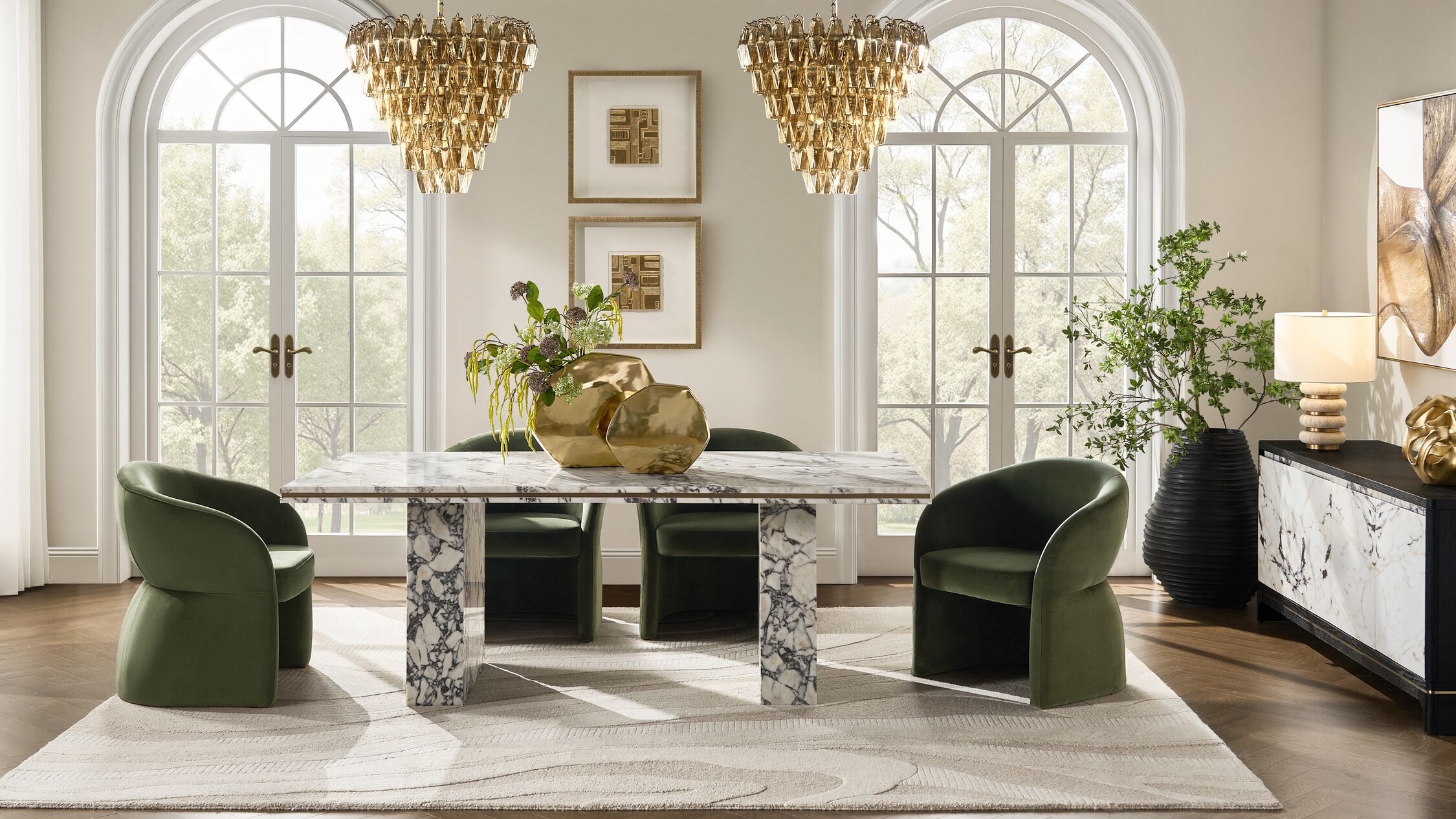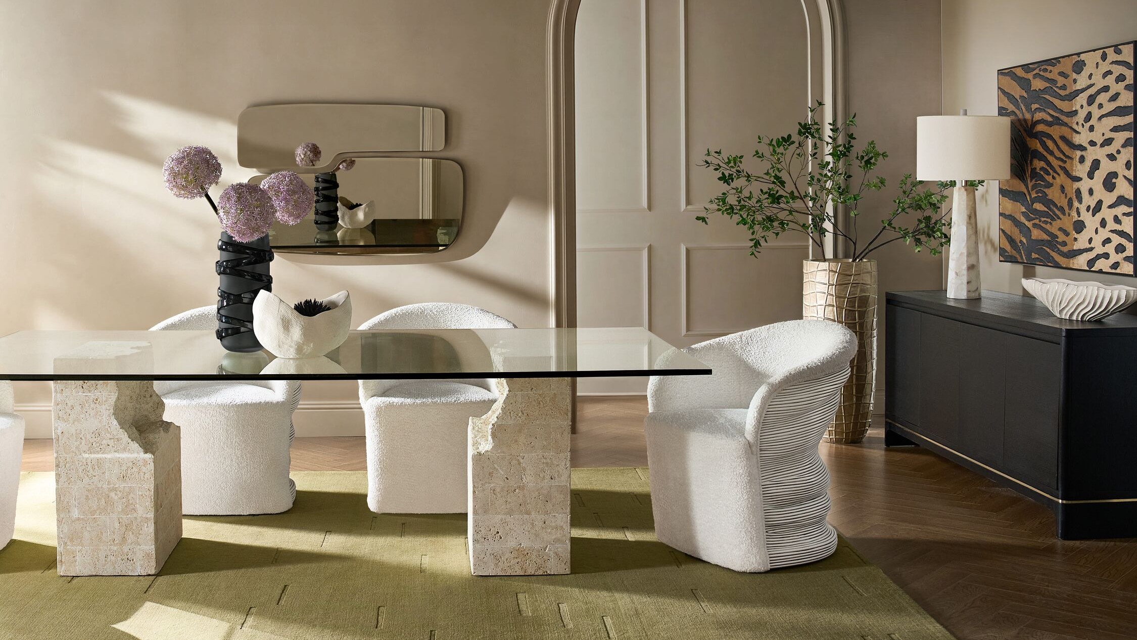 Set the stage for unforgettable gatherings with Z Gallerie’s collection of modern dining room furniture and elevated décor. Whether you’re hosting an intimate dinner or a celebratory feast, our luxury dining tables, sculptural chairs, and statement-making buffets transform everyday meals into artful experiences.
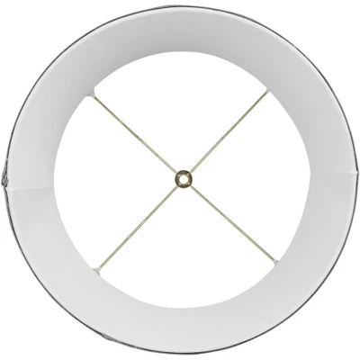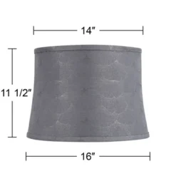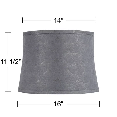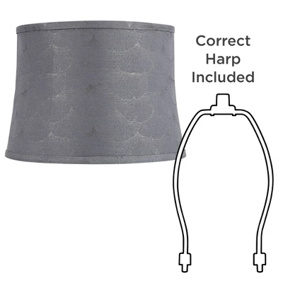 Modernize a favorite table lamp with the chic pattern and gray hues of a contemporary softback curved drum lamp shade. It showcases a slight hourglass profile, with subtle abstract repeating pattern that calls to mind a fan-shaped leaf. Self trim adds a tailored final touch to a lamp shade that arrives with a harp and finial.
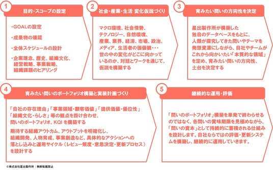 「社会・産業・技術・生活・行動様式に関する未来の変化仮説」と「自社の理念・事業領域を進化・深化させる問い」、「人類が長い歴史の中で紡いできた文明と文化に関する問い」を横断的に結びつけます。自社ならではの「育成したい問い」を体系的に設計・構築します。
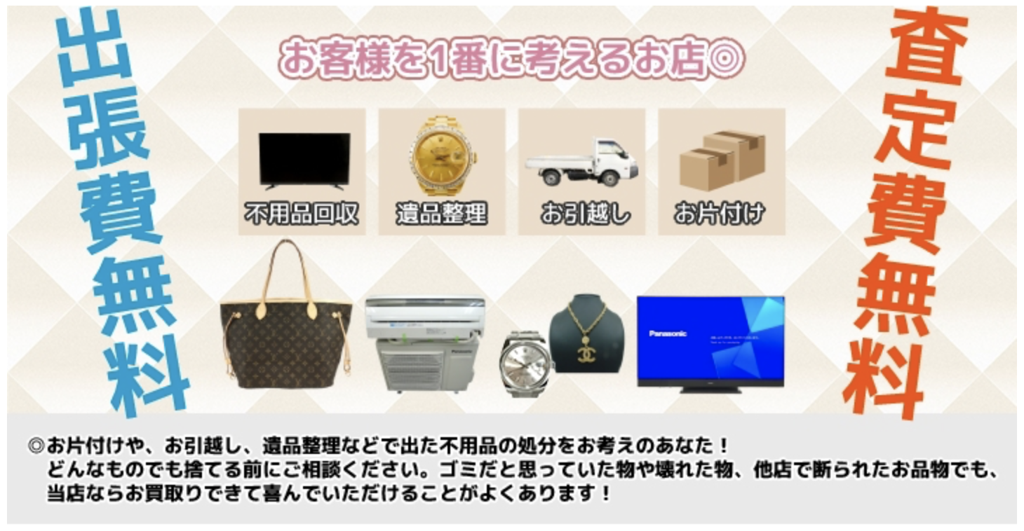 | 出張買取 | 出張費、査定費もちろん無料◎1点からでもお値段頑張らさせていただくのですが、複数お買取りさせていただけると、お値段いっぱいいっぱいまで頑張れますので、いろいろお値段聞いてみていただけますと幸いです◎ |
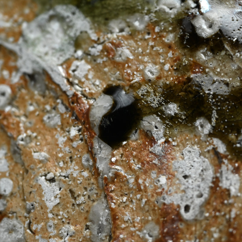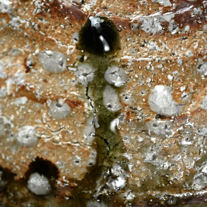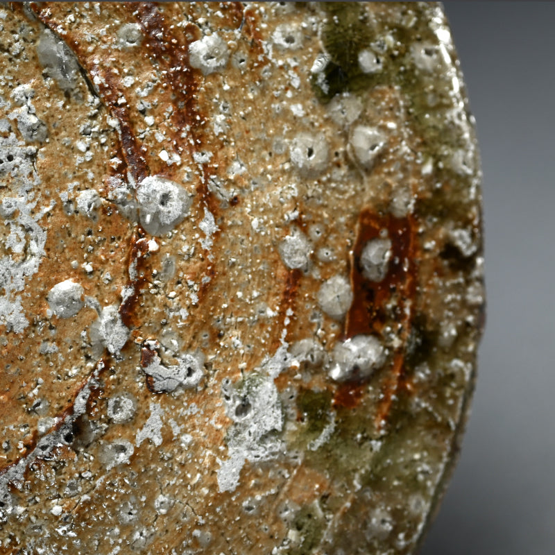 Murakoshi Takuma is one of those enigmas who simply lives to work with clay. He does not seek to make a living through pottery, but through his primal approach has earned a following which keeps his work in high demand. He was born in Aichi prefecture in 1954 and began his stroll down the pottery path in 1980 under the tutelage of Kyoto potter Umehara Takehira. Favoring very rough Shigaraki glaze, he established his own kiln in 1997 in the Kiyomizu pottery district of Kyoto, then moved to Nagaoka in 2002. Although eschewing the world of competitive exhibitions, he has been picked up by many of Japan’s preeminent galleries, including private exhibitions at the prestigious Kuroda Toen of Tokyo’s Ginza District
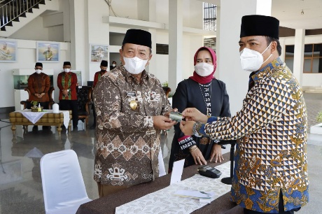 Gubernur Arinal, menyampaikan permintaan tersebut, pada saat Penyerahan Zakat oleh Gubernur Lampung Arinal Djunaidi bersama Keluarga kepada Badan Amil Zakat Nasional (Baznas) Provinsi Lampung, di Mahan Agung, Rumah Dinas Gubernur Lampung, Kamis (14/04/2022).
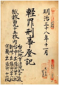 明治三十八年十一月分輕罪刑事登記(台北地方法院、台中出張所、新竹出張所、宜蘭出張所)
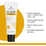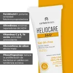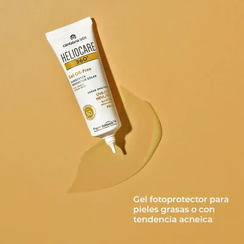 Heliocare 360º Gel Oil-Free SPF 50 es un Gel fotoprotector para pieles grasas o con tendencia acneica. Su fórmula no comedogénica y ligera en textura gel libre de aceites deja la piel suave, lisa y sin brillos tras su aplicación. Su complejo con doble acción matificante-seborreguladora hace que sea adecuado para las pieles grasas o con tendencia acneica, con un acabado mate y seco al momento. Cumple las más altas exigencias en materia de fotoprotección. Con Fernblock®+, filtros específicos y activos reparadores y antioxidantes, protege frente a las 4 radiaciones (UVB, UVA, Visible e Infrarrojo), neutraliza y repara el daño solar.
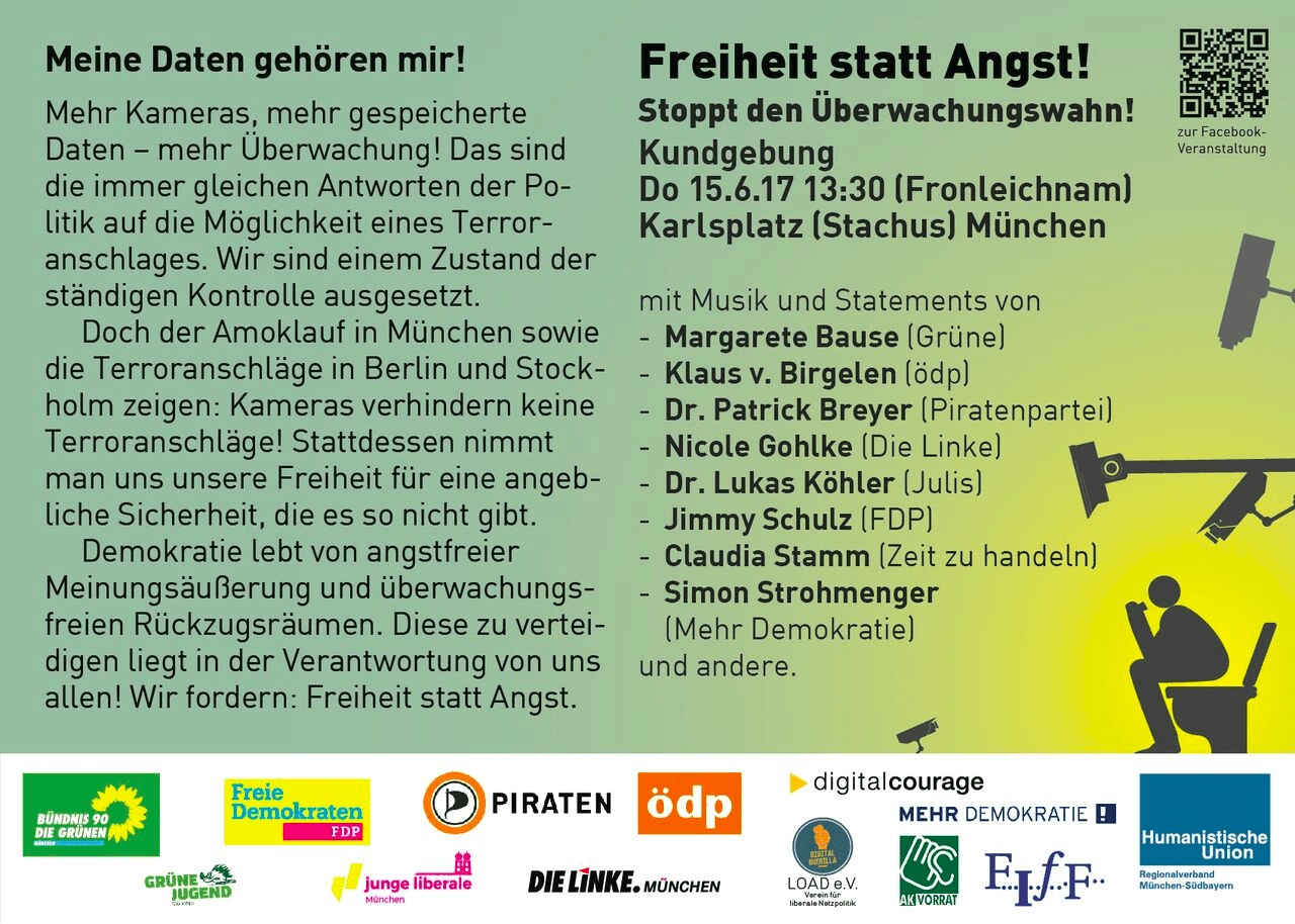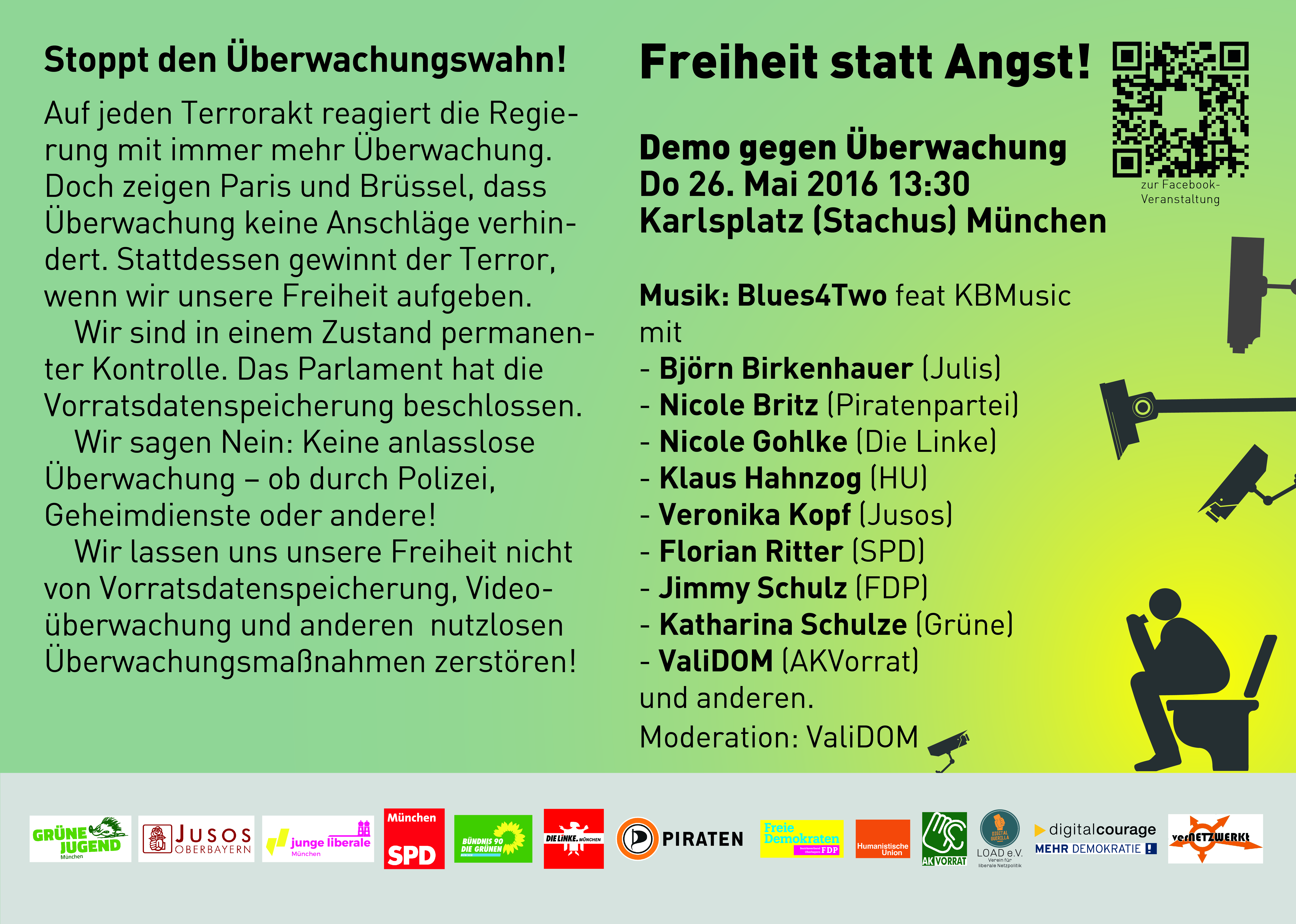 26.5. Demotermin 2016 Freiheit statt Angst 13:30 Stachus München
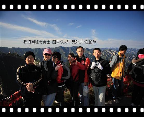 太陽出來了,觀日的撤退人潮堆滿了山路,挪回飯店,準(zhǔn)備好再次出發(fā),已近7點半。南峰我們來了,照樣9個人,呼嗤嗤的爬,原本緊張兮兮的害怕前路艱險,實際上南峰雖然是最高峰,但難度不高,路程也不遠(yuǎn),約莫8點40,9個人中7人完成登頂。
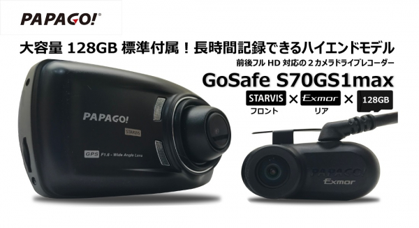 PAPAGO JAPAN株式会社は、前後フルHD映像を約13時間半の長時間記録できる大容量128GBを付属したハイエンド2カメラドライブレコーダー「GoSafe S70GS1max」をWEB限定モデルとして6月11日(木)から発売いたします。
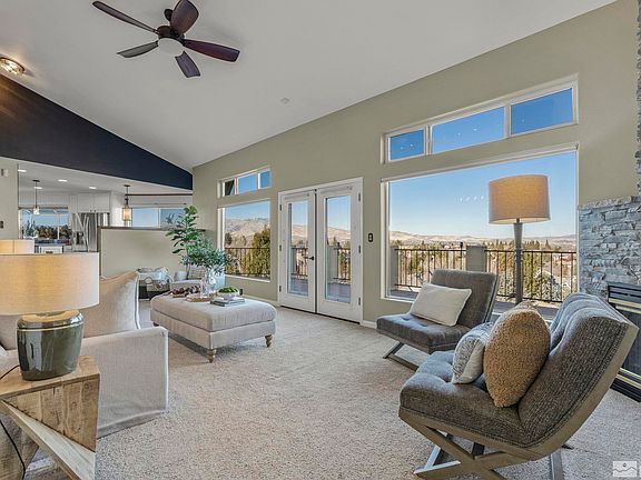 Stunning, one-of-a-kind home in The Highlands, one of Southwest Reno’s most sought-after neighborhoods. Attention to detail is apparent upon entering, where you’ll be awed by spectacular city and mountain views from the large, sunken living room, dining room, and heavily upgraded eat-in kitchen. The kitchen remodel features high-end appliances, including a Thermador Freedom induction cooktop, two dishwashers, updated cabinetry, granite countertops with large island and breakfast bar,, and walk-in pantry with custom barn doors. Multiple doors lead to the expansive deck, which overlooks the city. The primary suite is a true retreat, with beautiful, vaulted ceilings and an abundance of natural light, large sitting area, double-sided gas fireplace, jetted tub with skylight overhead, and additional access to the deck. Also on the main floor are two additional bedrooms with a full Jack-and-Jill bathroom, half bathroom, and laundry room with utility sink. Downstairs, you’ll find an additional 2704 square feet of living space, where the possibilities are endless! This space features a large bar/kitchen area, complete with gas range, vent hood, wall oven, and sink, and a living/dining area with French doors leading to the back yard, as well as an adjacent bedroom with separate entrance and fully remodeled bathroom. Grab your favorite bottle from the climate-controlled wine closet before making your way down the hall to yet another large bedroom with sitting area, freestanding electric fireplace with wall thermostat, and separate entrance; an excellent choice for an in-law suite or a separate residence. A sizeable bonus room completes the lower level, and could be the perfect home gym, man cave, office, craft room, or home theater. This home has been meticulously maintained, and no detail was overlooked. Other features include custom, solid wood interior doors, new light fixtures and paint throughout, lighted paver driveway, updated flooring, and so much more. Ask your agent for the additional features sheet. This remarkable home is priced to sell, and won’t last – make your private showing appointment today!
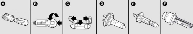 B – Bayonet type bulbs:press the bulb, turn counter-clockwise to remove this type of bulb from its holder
_ _ _
[ACTIVITY]
The material above holds pictures; leave them out. Repeat exactly the lines from the one containing "Gubernur Arinal, menyampaikan" through the one containing "明治三十八年十一月分輕罪刑事", and nothing else.

[THE ANSWER]
 Gubernur Arinal, menyampaikan permintaan tersebut, pada saat Penyerahan Zakat oleh Gubernur Lampung Arinal Djunaidi bersama Keluarga kepada Badan Amil Zakat Nasional (Baznas) Provinsi Lampung, di Mahan Agung, Rumah Dinas Gubernur Lampung, Kamis (14/04/2022).
 明治三十八年十一月分輕罪刑事登記(台北地方法院、台中出張所、新竹出張所、宜蘭出張所)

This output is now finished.